Actually there are - exam markers.

In the UK at the moment there's a controversial move to stop penalising bad spelling and grammar in exams unless they're specifically relevant (ie an English exam) because it discriminates against candidates who are not native English speakers.

AJ

Replies:   Grant
Grant 🚫

@awnlee jawking

In the UK at the moment there's a controversial move to stop penalising bad spelling and grammar in exams unless they're specifically relevant (ie an English exam) because it discriminates against candidates who are not native English speakers.

Often it's the non-native English speakers students that have better spelling and grammar than the locally born as they would've had English as a Second Language (or similar) classes when they first started at school before going to regular English classes.

The whole point of the spoken & written word is to communicate. Doing so in a way that is clear & concise makes it possible to get your point/message/information across & understood as it was intended. Poor spelling and grammar can make anything from a bit difficult to totally impossible to understand what is being conveyed.

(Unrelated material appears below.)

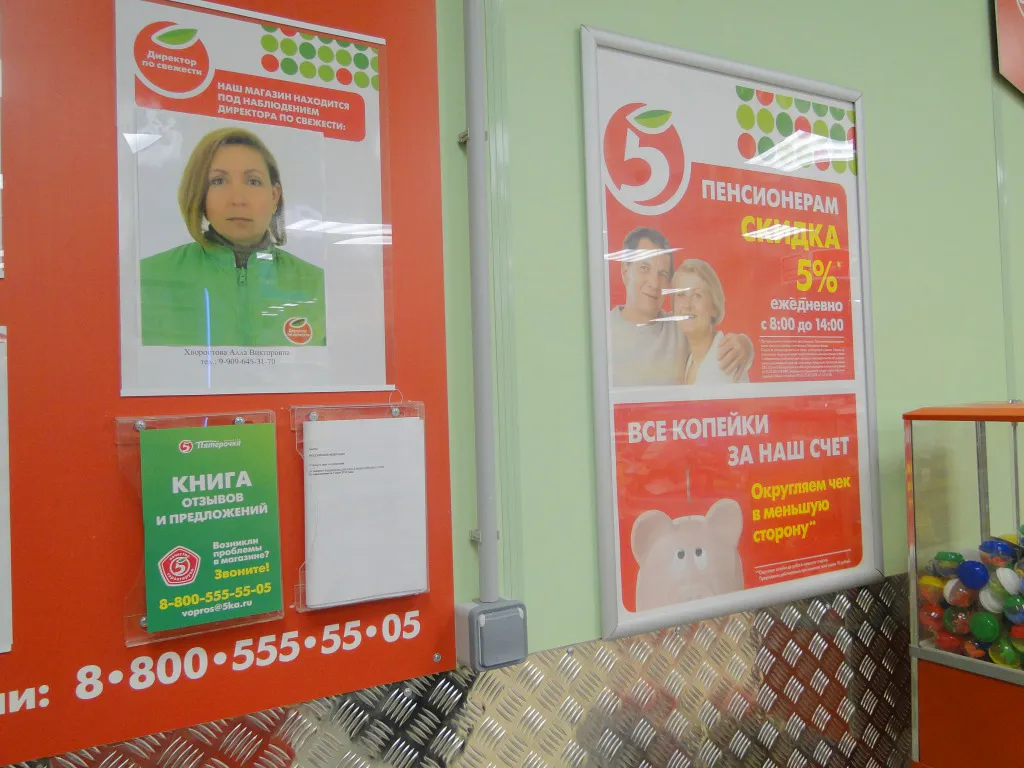 – Я замечал, что часто стоимость товара на ценнике и на кассе разнилась, – рассказывает Александр Николаевич. – Один раз увидел хлеб, который, если верить указанной дате, должен был выпекаться только завтра. А сушки, которые я там приобрел, оказались просроченными на несколько месяцев. Не сразу заметил. Все свои замечания по обслуживанию и "просрочке" я оставлял в книге жалоб. Но ответа не последовало. Чем тогда в магазине занимается директор по свежести? Не удивляйтесь, есть там такая должность. На стенде даже вывешено фото этой дамы. И написано, что магазин находится под наблюдением директора по свежести.

It doesn't matter what the subject is- if you can't make yourself understood, then it doesn't matter how brilliant you might be. Getting the spelling and grammar right is just as important as the facts in whatever subject it is that's being assessed.

helmut_meukel 🚫

@Dominions Son

This is true of every language*.
[...]
*The French government created an agency that nominally has such authority. However, even within France, the efforts of this agency to control the evolution of the French language has been an epic failure.

I don't think it's an epic failure, their problem is they tried to stop the tide, to force a "French" word for every new technology and created some awkward names. At least in school and in ads you'll hardly find the common English terms used. The fines for not using the proper French terms are high.

The German authorities go another way. They concentrate on grammar and spelling and force the actual rules on all schools. This forces publishers of text books for school usage to use the rules or their books get banned from school usage.
Government agencies have to use correct grammar and spelling.
actual German orthography reform

HM.

joyR 🚫

@helmut_meukel

Do people commonly mix cardinals and ordinals when talking?

No.

With the caveat that abominable spelling and grammar is fast becoming all too common nowadays.

Grey Wolf 🚫

@helmut_meukel

I might write that in dialogue, because I know people who do talk that way. They wouldn't do it in writing (mostly), but speaking? People get confused mid-sentence as to whether they're using ordinals or cardinals, etc. I've heard some amazingly ungrammatical things come out of the mouths of people whose written grammar is perfectly fine. Unusually it's because the sentence started wandering mid-statement, and ordinal/cardinal confusion fits that.

Of course, most likely my editors would point it out and I'd change it. As Switch Blayde and Quasirandom point out, dialogue in fiction is a fine line between 'accurate' and 'verisimilitude'. If you force everyone into the same grammatical box, you lose some part of the character's unique voice, but if you don't reduce the variation, you get dialect, which is hard to read for a sustained period and becomes difficult for foreign readers to understand.